> _Assigned task_
Look through the listing below for the line containing "这一组合走势极为罕见——据摩". Copy it and each line after it up to and including the line containing "Globes, data, futuristic", exactly, leaving out pictures.

> _Records shown_
+===+

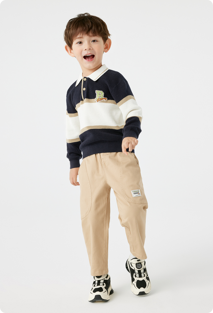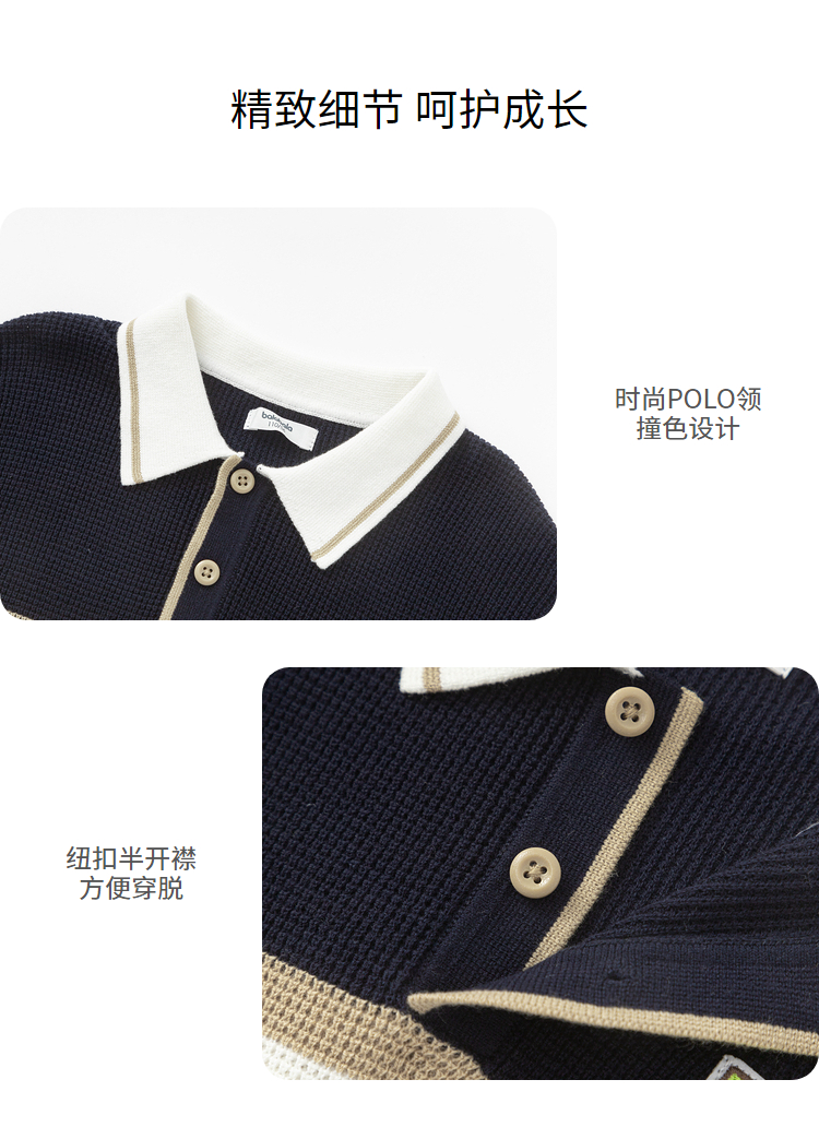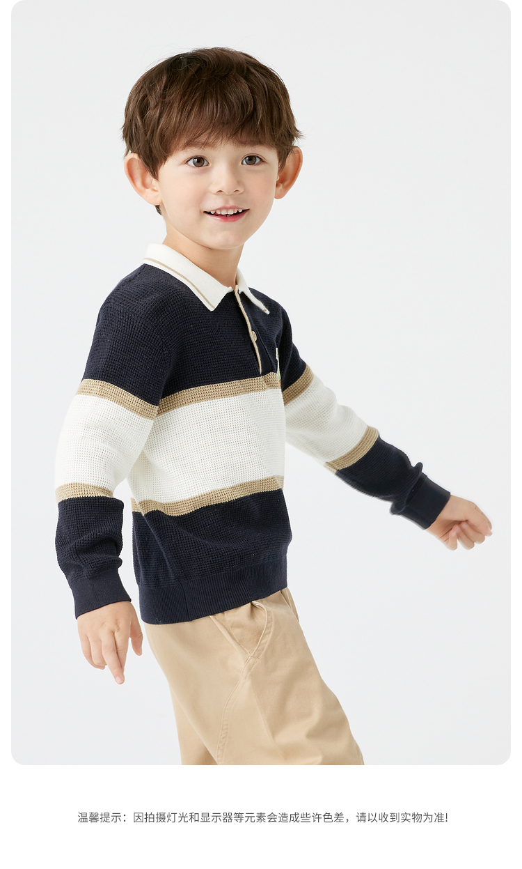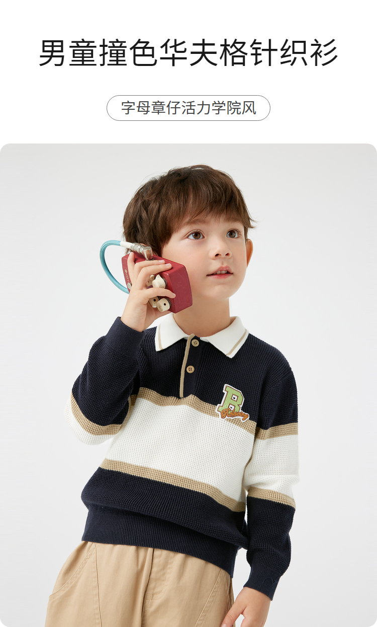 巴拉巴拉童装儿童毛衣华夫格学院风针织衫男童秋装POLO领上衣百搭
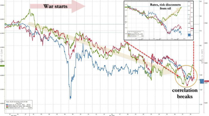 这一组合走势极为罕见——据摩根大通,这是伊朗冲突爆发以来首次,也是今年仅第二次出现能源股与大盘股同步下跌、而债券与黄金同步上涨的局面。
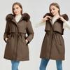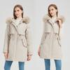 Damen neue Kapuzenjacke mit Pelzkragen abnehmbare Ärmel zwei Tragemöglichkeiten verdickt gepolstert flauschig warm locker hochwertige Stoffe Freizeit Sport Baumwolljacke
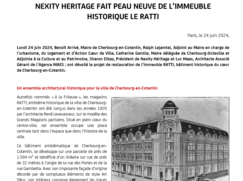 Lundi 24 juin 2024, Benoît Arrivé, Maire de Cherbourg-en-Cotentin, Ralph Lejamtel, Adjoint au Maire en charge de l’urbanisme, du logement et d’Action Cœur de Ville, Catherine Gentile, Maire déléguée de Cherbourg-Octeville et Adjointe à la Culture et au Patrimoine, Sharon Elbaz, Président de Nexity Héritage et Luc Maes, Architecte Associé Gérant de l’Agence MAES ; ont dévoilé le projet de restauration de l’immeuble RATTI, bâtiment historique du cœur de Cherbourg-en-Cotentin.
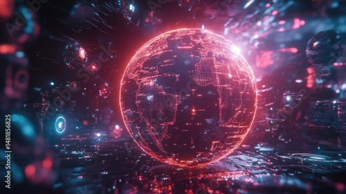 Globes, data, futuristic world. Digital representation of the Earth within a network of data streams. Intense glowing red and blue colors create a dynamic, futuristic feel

+===+

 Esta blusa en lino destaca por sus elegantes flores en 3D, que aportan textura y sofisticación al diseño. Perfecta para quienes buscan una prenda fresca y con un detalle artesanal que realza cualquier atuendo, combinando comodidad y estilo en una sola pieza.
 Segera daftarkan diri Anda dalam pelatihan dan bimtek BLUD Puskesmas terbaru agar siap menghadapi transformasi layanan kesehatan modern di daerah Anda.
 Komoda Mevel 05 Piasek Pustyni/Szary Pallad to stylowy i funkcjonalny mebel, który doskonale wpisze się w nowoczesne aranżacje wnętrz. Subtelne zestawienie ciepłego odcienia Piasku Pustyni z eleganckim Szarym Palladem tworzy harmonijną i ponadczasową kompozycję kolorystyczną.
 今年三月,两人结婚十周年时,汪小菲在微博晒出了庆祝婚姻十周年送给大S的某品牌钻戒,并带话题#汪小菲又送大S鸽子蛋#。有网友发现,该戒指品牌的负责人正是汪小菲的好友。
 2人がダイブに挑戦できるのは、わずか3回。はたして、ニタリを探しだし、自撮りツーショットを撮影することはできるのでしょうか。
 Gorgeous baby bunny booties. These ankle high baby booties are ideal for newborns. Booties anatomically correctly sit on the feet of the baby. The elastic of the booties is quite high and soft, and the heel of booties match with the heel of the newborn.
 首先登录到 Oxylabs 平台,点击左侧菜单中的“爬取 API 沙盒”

+===+

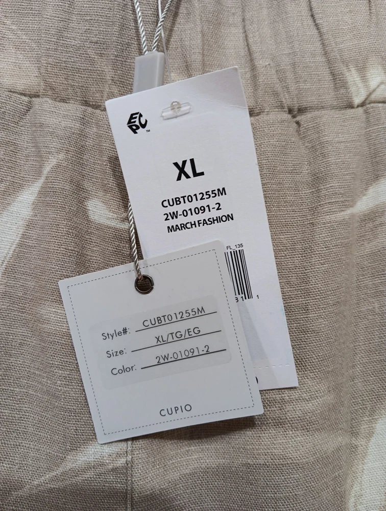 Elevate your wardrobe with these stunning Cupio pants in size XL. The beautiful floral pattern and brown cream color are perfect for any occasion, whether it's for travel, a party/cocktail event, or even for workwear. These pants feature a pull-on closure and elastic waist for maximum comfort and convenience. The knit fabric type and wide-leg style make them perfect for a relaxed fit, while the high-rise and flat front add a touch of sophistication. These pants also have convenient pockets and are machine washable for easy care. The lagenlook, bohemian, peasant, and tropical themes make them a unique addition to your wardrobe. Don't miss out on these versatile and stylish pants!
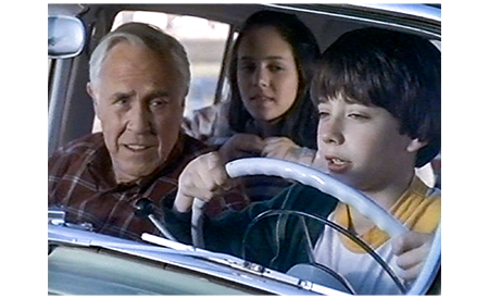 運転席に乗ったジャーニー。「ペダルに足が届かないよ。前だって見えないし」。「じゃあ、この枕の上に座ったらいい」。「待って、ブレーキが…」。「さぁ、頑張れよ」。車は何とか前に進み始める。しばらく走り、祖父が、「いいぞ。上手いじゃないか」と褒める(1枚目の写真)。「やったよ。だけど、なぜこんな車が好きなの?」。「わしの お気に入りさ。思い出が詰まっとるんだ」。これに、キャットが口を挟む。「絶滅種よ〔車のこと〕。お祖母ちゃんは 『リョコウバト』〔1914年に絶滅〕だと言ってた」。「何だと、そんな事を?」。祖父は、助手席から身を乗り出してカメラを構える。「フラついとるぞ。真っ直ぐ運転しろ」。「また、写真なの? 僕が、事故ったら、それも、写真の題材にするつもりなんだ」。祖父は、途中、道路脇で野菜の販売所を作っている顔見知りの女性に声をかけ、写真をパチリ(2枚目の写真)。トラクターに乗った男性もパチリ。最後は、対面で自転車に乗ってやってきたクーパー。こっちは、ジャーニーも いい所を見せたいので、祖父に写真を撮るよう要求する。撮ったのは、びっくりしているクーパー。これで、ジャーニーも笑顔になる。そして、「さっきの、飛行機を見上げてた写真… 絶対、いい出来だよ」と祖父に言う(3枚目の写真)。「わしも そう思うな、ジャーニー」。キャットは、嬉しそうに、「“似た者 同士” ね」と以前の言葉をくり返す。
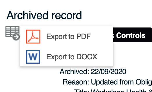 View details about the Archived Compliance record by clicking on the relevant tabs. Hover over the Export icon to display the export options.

+===+

> _Finished exercise_
 这一组合走势极为罕见——据摩根大通,这是伊朗冲突爆发以来首次,也是今年仅第二次出现能源股与大盘股同步下跌、而债券与黄金同步上涨的局面。
 Damen neue Kapuzenjacke mit Pelzkragen abnehmbare Ärmel zwei Tragemöglichkeiten verdickt gepolstert flauschig warm locker hochwertige Stoffe Freizeit Sport Baumwolljacke
 Lundi 24 juin 2024, Benoît Arrivé, Maire de Cherbourg-en-Cotentin, Ralph Lejamtel, Adjoint au Maire en charge de l’urbanisme, du logement et d’Action Cœur de Ville, Catherine Gentile, Maire déléguée de Cherbourg-Octeville et Adjointe à la Culture et au Patrimoine, Sharon Elbaz, Président de Nexity Héritage et Luc Maes, Architecte Associé Gérant de l’Agence MAES ; ont dévoilé le projet de restauration de l’immeuble RATTI, bâtiment historique du cœur de Cherbourg-en-Cotentin.
 Globes, data, futuristic world. Digital representation of the Earth within a network of data streams. Intense glowing red and blue colors create a dynamic, futuristic feel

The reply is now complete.